_Exercise directions_
The answer should hold only the lines from the beginning of the material through the one with "夜色渐浓,名山景区五云楼的灯火如星河璀璨,成为长江岸边最耀眼的风景之一。", reproduced exactly and without pictures.

_Provided material_

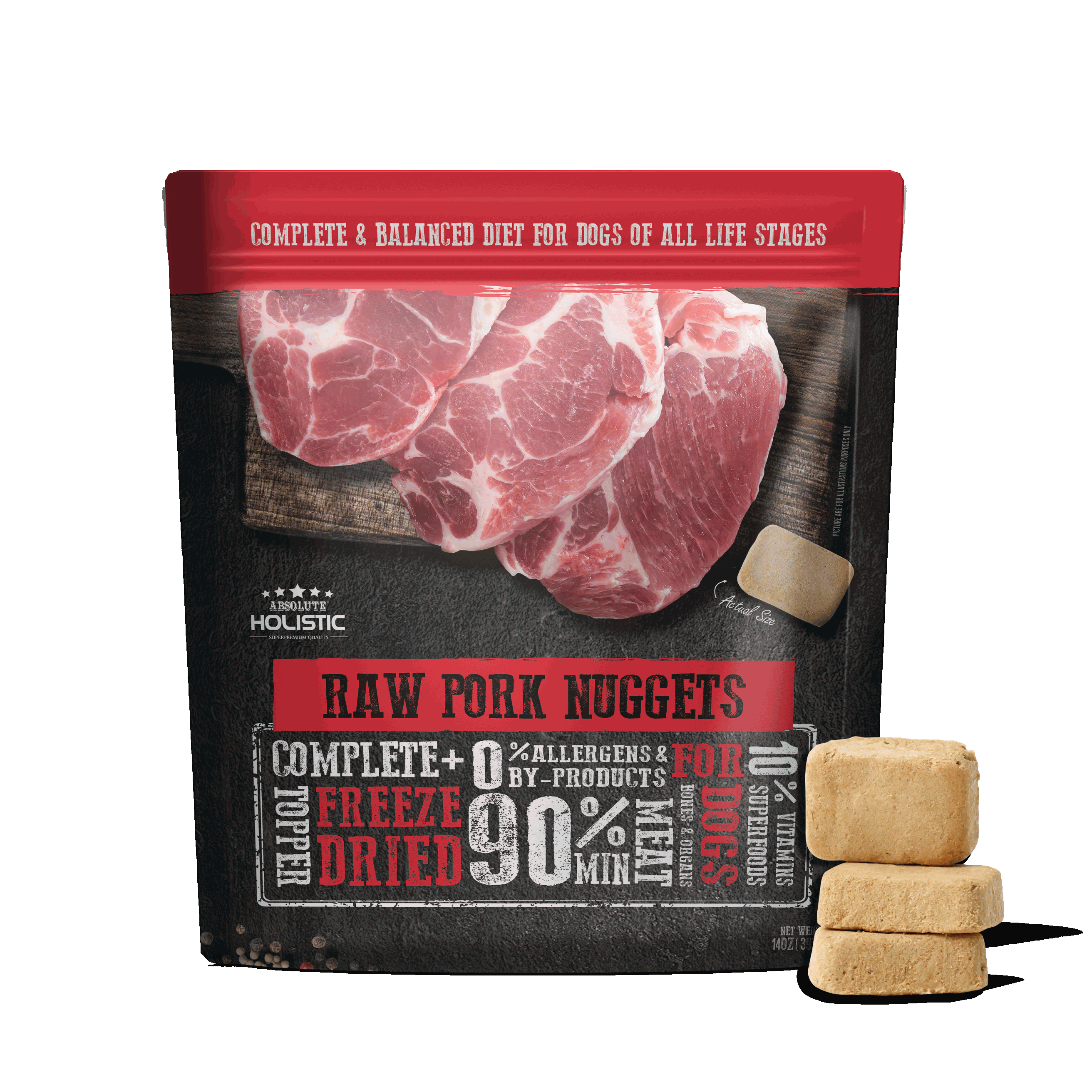 AAFCO dog food nutritional fact: Absolute Holistic® Raw Pork Nuggets for dogs is formulated to meet the nutritional levels established by the AAFCO dog food nutrient profiles for all life stages.
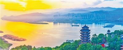 夜色渐浓,名山景区五云楼的灯火如星河璀璨,成为长江岸边最耀眼的风景之一。
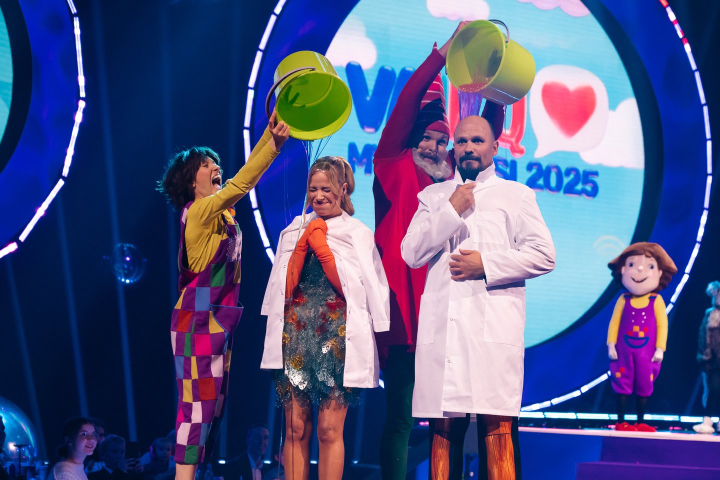 Paskelbus paskutinę nominaciją, Kakė Makė su draugu Netvarkos Nykštuku paruošė neeilinį pokštą: nusivedę vedėjus į šalį jie apipylė juos slime!
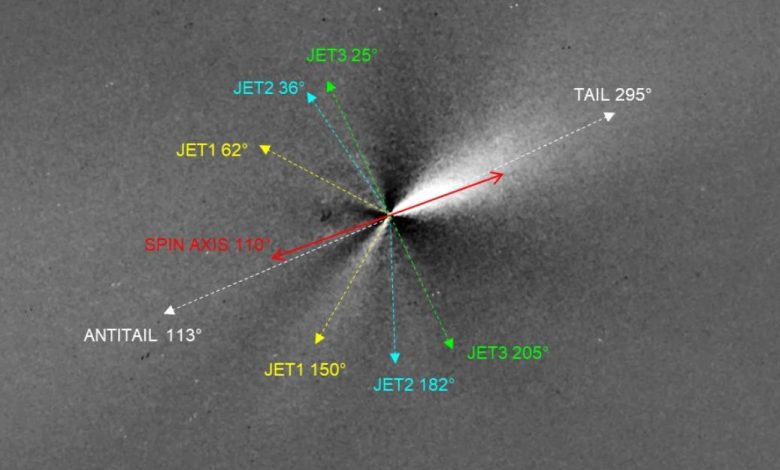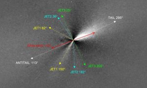 Более детальный анализ внутренней комы с применением специальных фильтров (1/r и Ларсона-Секанина) выявил наличие шести слабых прямых струй (джетов), истекающих из ядра кометы. Эти струи теряют свою чёткую форму уже на расстоянии нескольких тысяч километров из-за рассеяния пыли. Учёные установили, что струи образуют три симметричные пары относительно предполагаемой оси вращения ядра. Каждая такая пара, вероятно, представляет собой два края конуса выброса вещества из активной области на вращающейся поверхности ядра.

_Response below_
 AAFCO dog food nutritional fact: Absolute Holistic® Raw Pork Nuggets for dogs is formulated to meet the nutritional levels established by the AAFCO dog food nutrient profiles for all life stages.
 夜色渐浓,名山景区五云楼的灯火如星河璀璨,成为长江岸边最耀眼的风景之一。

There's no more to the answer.